§ Your task: Working from the data below, write out exactly the lines from its first through the line that contains "Elegant rhodium and", both ends included and pictures omitted.

§ Given data:

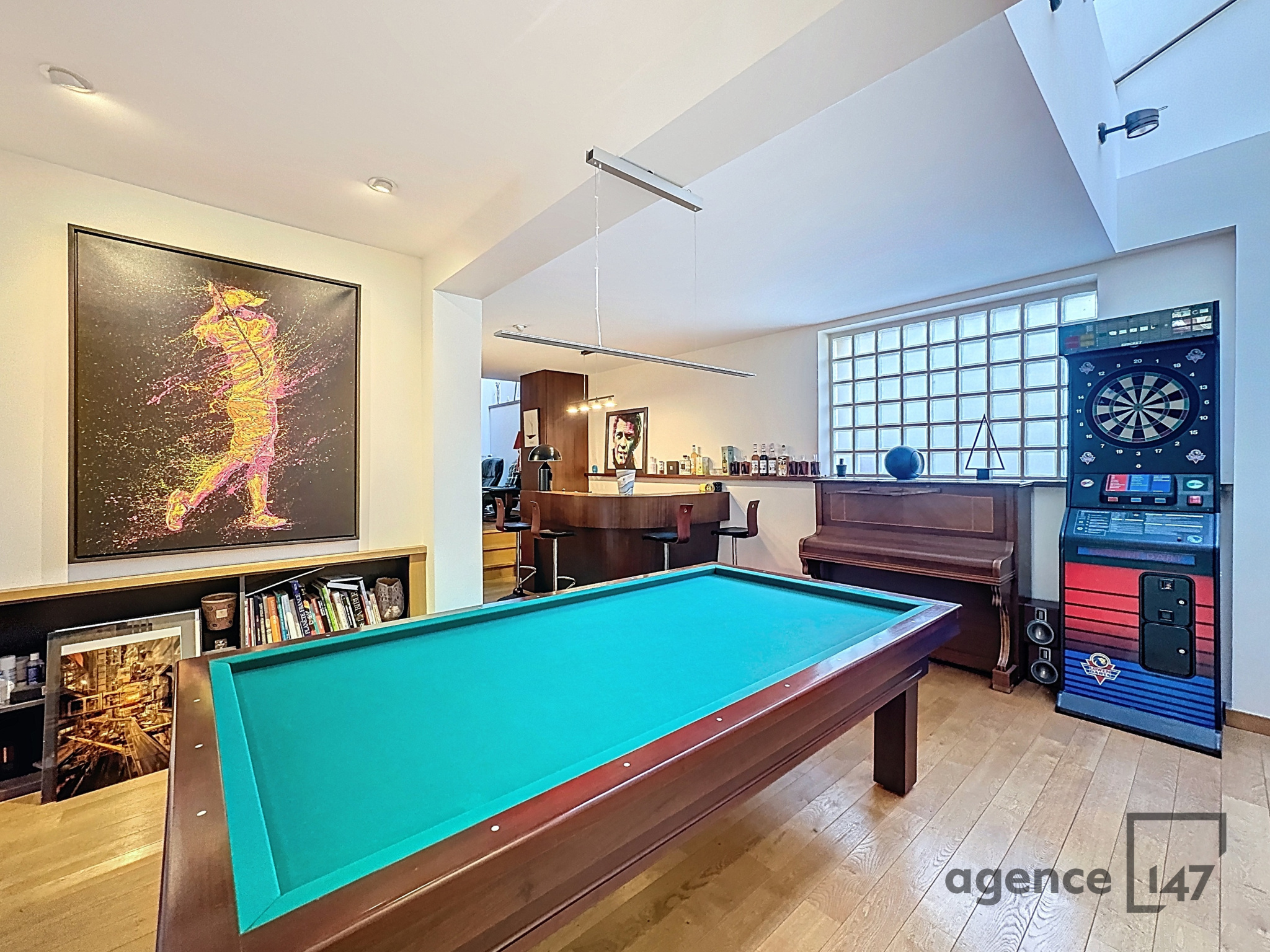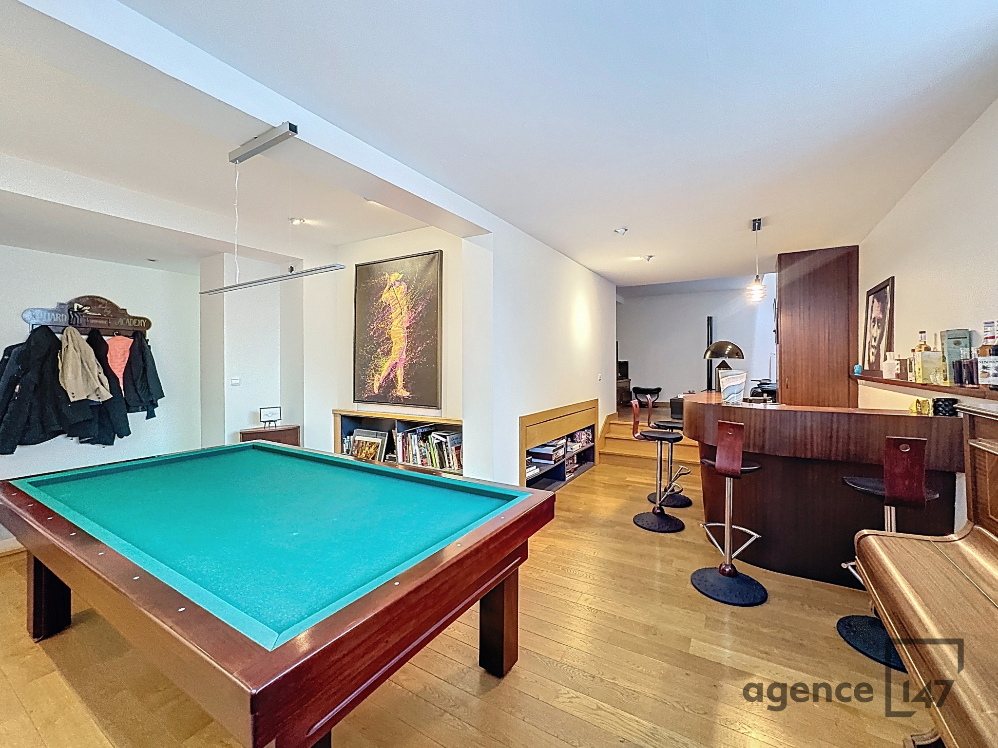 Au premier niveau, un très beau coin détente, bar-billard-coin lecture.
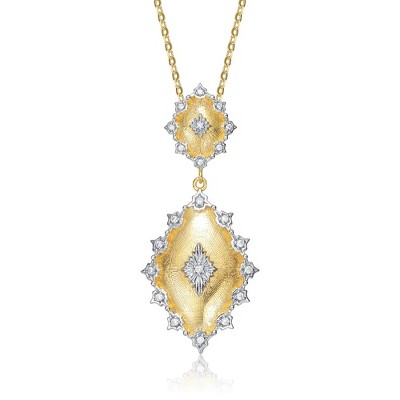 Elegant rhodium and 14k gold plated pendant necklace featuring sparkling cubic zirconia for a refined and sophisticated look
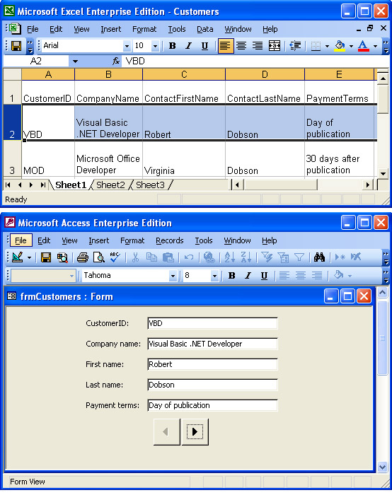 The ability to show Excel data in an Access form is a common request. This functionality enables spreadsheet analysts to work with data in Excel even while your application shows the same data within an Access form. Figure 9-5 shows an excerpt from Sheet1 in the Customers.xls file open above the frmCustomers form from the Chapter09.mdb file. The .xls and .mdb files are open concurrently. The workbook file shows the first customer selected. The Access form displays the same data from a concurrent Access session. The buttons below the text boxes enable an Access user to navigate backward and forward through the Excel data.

§ Output:
 Au premier niveau, un très beau coin détente, bar-billard-coin lecture.
 Elegant rhodium and 14k gold plated pendant necklace featuring sparkling cubic zirconia for a refined and sophisticated look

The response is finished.